== PROBLEM DETAILS ==
Starting with the line that has "Vue d'ensemble de l'autel latéral droit." and finishing with the line that has "Mässtunneln byggs 50–80", set down each line below exactly. Pictures are not copied.

══ MATERIAL PROVIDED

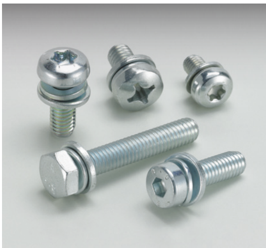
Kombi- und Doppelkombi-Schrauben mit verschiedenen Antriebsformen

Screw-and-washer and double screw-and-washer assemblies with various drive forms
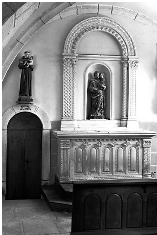
Vue d'ensemble de l'autel latéral droit.
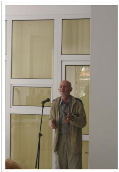
Foto: Poetul Eugen Evu, Hunedoara..., lansarea revistei Nova Provincia Corvina...
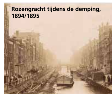
Rozengracht tijdens de demping, 1894/1895
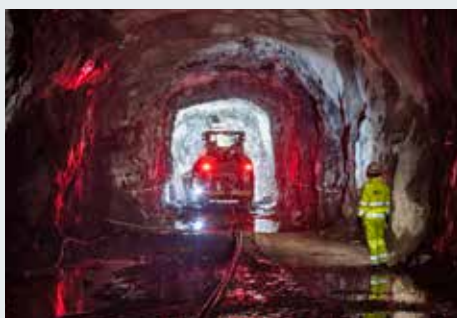
Mässtunneln byggs 50–80 meter under marken genom att borra och spränga. På bilden arbetar en borrhugg med att borra inför en sprängsalva.

Sannolikt har du som bor i området redan märkt av sprängningar från när vi bygger den nya avloppstunneln från Bromma till Sickla. Mässtunneln kommer att byggas på samma sätt genom att borra och spränga djupt nere i berget.
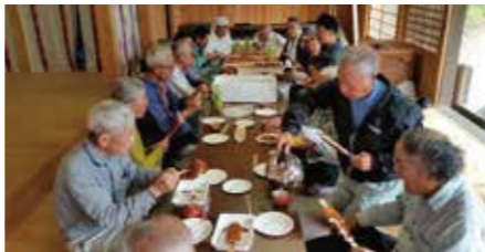
(上)台風で傾いたサクラを立て直す作業 (下)共に食卓を囲む地元住民と応援隊の皆さん
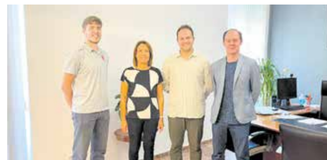
Reunió de l'Associació de Lacrosse en Oliva.

Per això, la Copa d'Espanya de Lacrosse no es quedarà només als camps de joc d'Oliva Nova. Durant les dues setmanes prèvies, diversos monitors han visitat els col·legis de la zona per tal d'ensenyar als més joves els fonaments d'este emocionant esport.
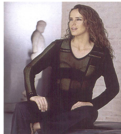
Carlo Colucci Donna

Nicht ganz einig sind sich die Designer über die Jackenformen. Manche schicken wieder den Gehrock ins Rennen. Andere befinden diese
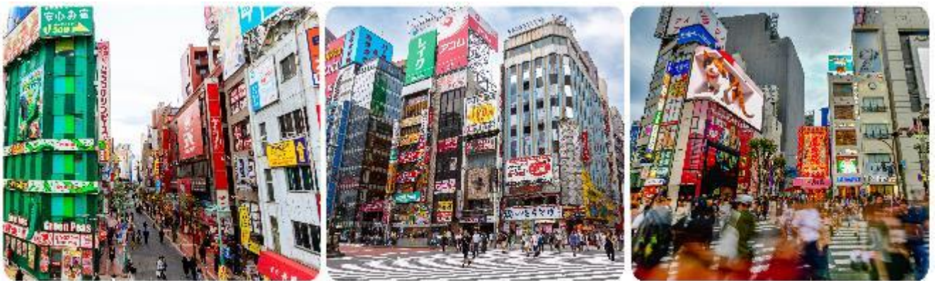
ช้อปปิ้งใจกลางกรุงโตเกียว - ชินจุกุ

มื้อกลางวัน บริการท่านด้วย ชุดอาหารญี่ปุ่นเบนโตะ
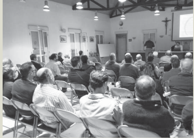
Imagen del evento. VIVA

Sensibilizar y crear conciencia sobre la importancia de cuidar el medio ambiente, proteger la flora y la fauna autóctonas y sumar esfuerzos con las iniciativas mundiales orientadas a frenar el cambio climático son algunos de los objetivos que Dcoop se ha marcado con sus Jornadas de Información en Buenas Prácticas. Una iniciativa que el Grupo ha llevado a cabo durante los últimos tres años y que consigue formar a los agricultores.
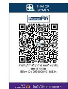
สแกน QR Code เพื่อชำระค่าลงทะเบียน
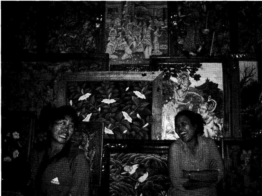
写真6 スカワティの芸術市場。画家達は，地域の市場や工房やギャラリーや美術館などで絵画を販売する。地域に根付いた市場や工房で絵を売り，学費と画材を得て大学まで進学した学生も珍しくない。芸術市場では，女性が商うケースが多い。2002年8月撮影。

════

== TASK RESULT ==
Vue d'ensemble de l'autel latéral droit.
Foto: Poetul Eugen Evu, Hunedoara..., lansarea revistei Nova Provincia Corvina...
Rozengracht tijdens de demping, 1894/1895
Mässtunneln byggs 50–80 meter under marken genom att borra och spränga. På bilden arbetar en borrhugg med att borra inför en sprängsalva.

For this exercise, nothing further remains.